また、本実施形態では、シーリング材充填用の隙間19の底部となるシーリング材受部を、連結部材30(連結本体31)の上面部32の中間上面32b及び凹所底壁部36の上面36bによって構成した例を示しているが、このような態様に限られず、種々の変形が可能である。
また、本実施形態では、浴槽床パン10と洗場床パン20とを、一体成形された一体床パン9を切断して分割されたものとした例を示しているが、浴槽床パン10と洗場床パン20とを、それぞれ個別に成形されて分割されたものとしてもよい。
また、本実施形態では、上記のように、上下方向位置決め部、奥行方向位置決め部、幅方向位置決め部、隙間形成位置決め部及びシーリング材受部を設けた態様とした例を示しているが、このような態様に限られない。
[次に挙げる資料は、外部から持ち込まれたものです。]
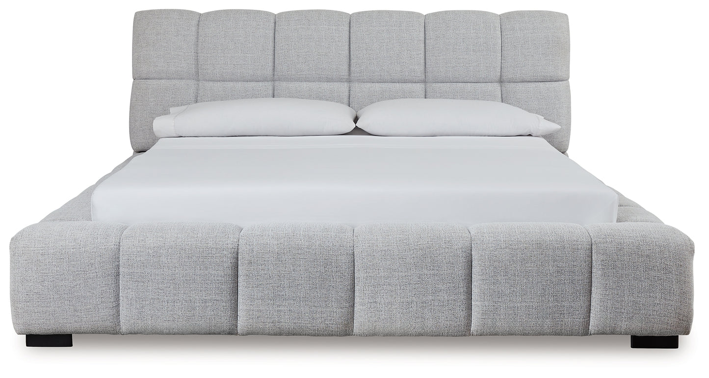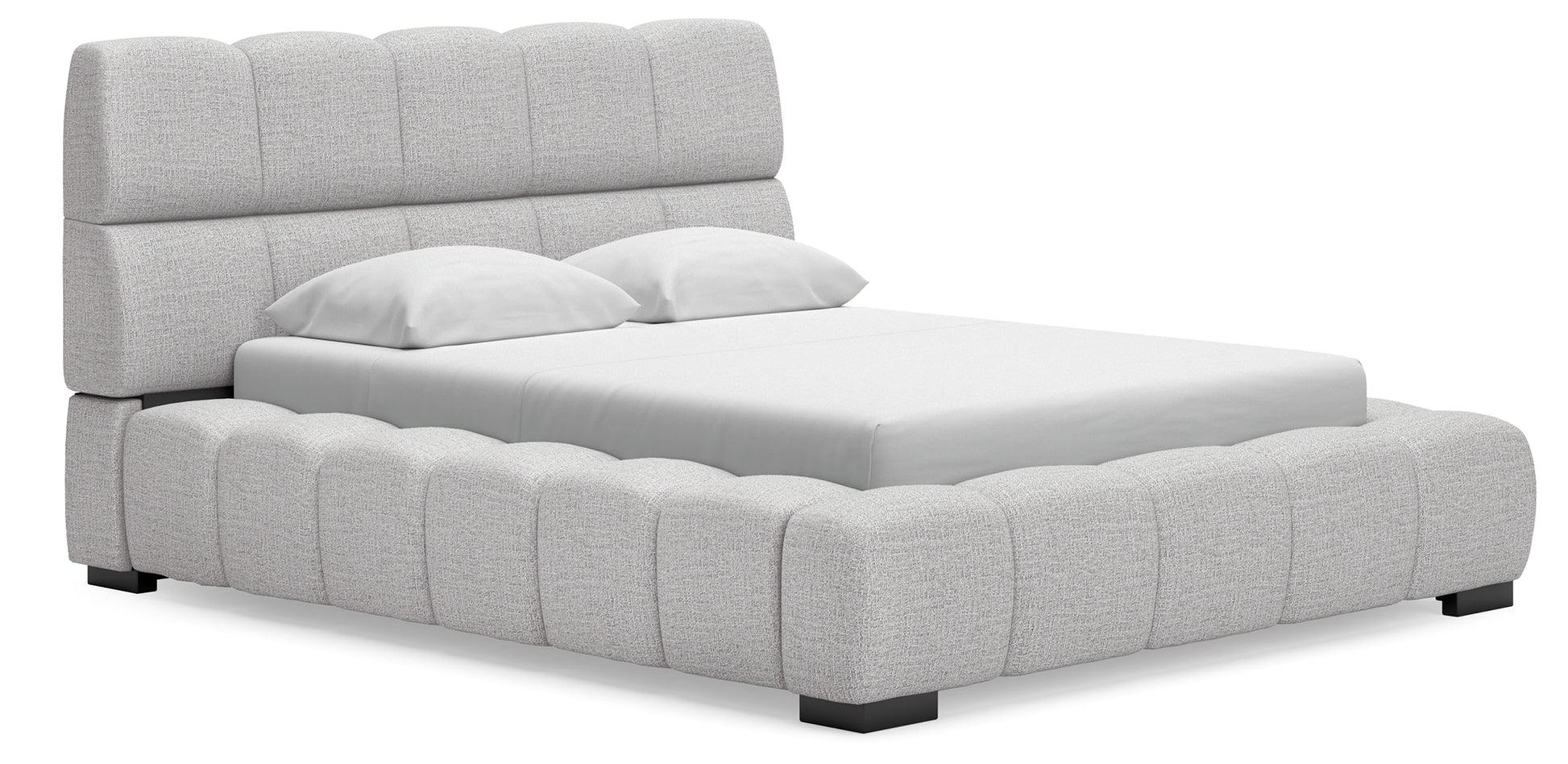 A divine merger of casual and contemporary design, this California king upholstered bed is the upgrade you've been dreaming of. Plush, deep pillowed tufting creates an impressive silhouette that's just as comfortable as it is stylish. And the textured light gray Next-Gen Nuvella™ performance fabric is soft and easy to clean. Now there's a bed with staying power.

少なくともシーリング材受部を設けたシーリング材受体としての連結本体31を設けた態様としてもよい。
また、本実施形態に係る分割床パンの防水構造は、上記のような態様とされた分割された浴室床パン2に限られず、種々の態様とされた分割された浴室床パンに対して適用可能である。
9a 堰部
9b 天部
10 浴槽床パン
11 底部
12a 壁載置部
12b 壁載置部上面(端部の表面)
12c 壁立上部の上側部位(立上部)
12d 内側面(対向する面)
14 連結側端部(対向する端部)
14a 端部上面(端部の表面、堰部の天部上面)
19 隙間
20 洗場床パン
21 底部
22a 壁載置部
22b 壁載置部上面(端部の表面)
22c 壁立上部の上側部位(立上部)
22d 内側面(対向する面)
24 連結側端部(対向する端部)
24a 端部上面(端部の表面、堰部の天部上面)
29 シーリング材
31 連結本体(シーリング材受体)
46 防水テープ
47 防水パッキン
48 カバー
Claims (5)
- 分割された浴槽床パン及び洗場床パン同士の対向する端部間のシーリング材充填用の隙間の底部を形成するように、これら端部の裏面側に硬質系材料からなるシーリング材受体が該隙間の全長に亘って設けられ、該隙間にシーリング材が充填され、かつ前記浴槽床パン及び前記洗場床パンの各端部の表面に跨るように前記シーリング材を覆う防水テープが前記隙間の全長に亘って貼着されていることを特徴とする分割床パンの防水構造。
- 請求項1において、
前記浴槽床パン及び前記洗場床パンの各端部の隙間長手方向両端部には、壁パネルが載置される壁載置部と該壁載置部から上方に向けて立ち上がる立上部とがそれぞれに設けられており、
前記防水テープを、これら両端側の壁載置部上面及び立上部の互いに対向する面にも貼着していることを特徴とする分割床パンの防水構造。 - 請求項2において、
前記防水テープの厚さ寸法を0.5mm以下とし、前記浴槽床パン及び前記洗場床パンの各端部の隙間長手方向両端部の壁載置部上面に貼着された防水テープ上を含み、これら浴槽床パン及び洗場床パンの周端部に設けられた壁載置部上面に防水パッキンを貼着していることを特徴とする分割床パンの防水構造。 - 請求項1乃至3のいずれか1項において、
前記浴槽床パン及び前記洗場床パン同士の対向する端部は、これら浴槽床パン及び洗場床パンの各底部から立ち上がるように形成された立上部の上端部から互いに対向する方向に突出するように設けられた端部とされており、前記防水テープが前記浴槽床パン及び前記洗場床パンの各端部の上面に跨るように貼着されていることを特徴とする分割床パンの防水構造。 - 請求項4において、
前記浴槽床パン及び前記洗場床パン同士の対向する前記各端部の上面及びこれら対向する端部が上端部に設けられた各立上部の少なくとも上側部位の表面を全長に亘って覆う下方開口形状のカバーを更に設けていることを特徴とする分割床パンの防水構造。